* Problem
Could you repeat the entries below exactly, but only from the line with "01:44:21Es gibt weiterhin" through the line with "Custom TreatsContains four", and without any picture?

* The data
_ _ _
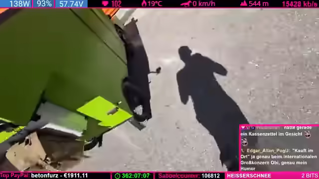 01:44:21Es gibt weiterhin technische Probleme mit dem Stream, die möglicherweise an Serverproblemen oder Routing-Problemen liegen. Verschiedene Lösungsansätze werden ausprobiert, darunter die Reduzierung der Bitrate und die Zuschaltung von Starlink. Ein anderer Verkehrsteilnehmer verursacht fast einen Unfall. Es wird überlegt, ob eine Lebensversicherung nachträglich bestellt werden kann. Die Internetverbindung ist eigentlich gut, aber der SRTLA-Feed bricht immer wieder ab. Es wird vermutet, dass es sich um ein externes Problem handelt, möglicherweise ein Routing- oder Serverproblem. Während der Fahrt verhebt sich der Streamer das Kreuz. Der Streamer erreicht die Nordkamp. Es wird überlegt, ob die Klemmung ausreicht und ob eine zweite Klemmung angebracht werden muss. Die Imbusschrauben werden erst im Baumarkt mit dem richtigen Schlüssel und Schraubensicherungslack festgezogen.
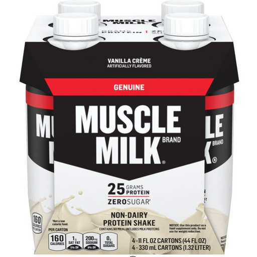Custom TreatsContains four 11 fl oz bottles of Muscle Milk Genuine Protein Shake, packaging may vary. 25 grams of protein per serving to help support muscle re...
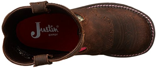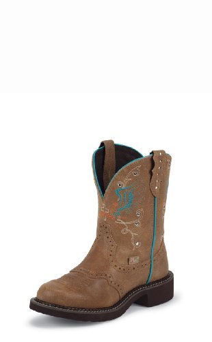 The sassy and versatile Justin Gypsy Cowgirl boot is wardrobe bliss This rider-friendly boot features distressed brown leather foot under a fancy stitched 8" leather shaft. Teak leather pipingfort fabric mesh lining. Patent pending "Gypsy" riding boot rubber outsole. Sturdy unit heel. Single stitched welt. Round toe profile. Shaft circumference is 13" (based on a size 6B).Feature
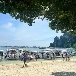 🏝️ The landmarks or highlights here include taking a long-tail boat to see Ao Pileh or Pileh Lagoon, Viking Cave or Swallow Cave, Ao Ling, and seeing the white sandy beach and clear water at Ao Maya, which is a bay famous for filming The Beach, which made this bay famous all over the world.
_ _ _
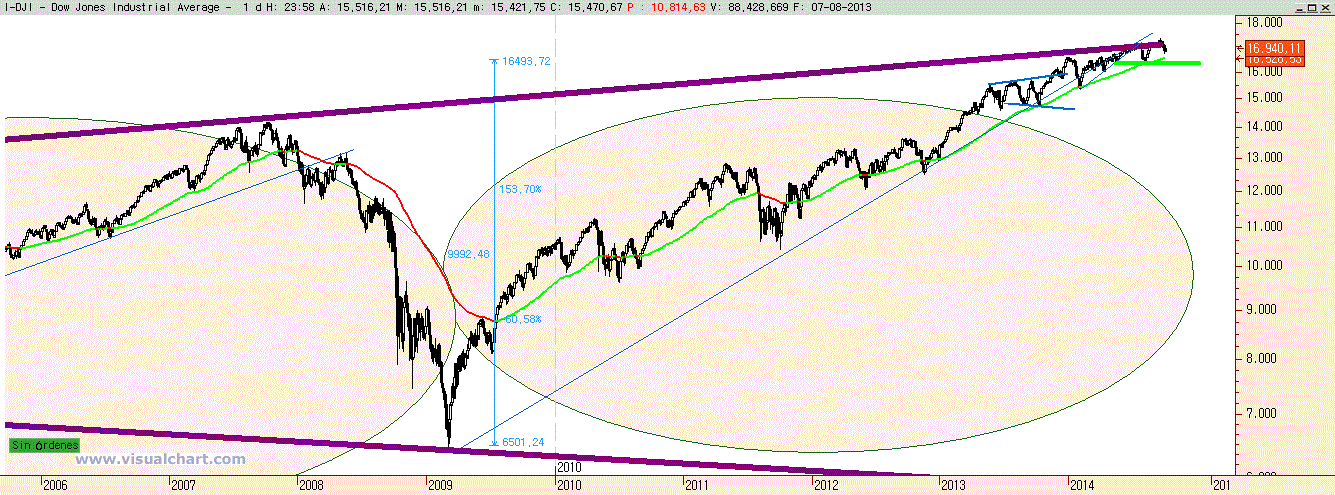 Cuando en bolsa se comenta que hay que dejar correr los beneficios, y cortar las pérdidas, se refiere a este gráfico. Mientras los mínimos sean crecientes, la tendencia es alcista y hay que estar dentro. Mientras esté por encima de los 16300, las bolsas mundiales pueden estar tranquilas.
_ _ _
* Result for this task
 01:44:21Es gibt weiterhin technische Probleme mit dem Stream, die möglicherweise an Serverproblemen oder Routing-Problemen liegen. Verschiedene Lösungsansätze werden ausprobiert, darunter die Reduzierung der Bitrate und die Zuschaltung von Starlink. Ein anderer Verkehrsteilnehmer verursacht fast einen Unfall. Es wird überlegt, ob eine Lebensversicherung nachträglich bestellt werden kann. Die Internetverbindung ist eigentlich gut, aber der SRTLA-Feed bricht immer wieder ab. Es wird vermutet, dass es sich um ein externes Problem handelt, möglicherweise ein Routing- oder Serverproblem. Während der Fahrt verhebt sich der Streamer das Kreuz. Der Streamer erreicht die Nordkamp. Es wird überlegt, ob die Klemmung ausreicht und ob eine zweite Klemmung angebracht werden muss. Die Imbusschrauben werden erst im Baumarkt mit dem richtigen Schlüssel und Schraubensicherungslack festgezogen.
Custom TreatsContains four 11 fl oz bottles of Muscle Milk Genuine Protein Shake, packaging may vary. 25 grams of protein per serving to help support muscle re...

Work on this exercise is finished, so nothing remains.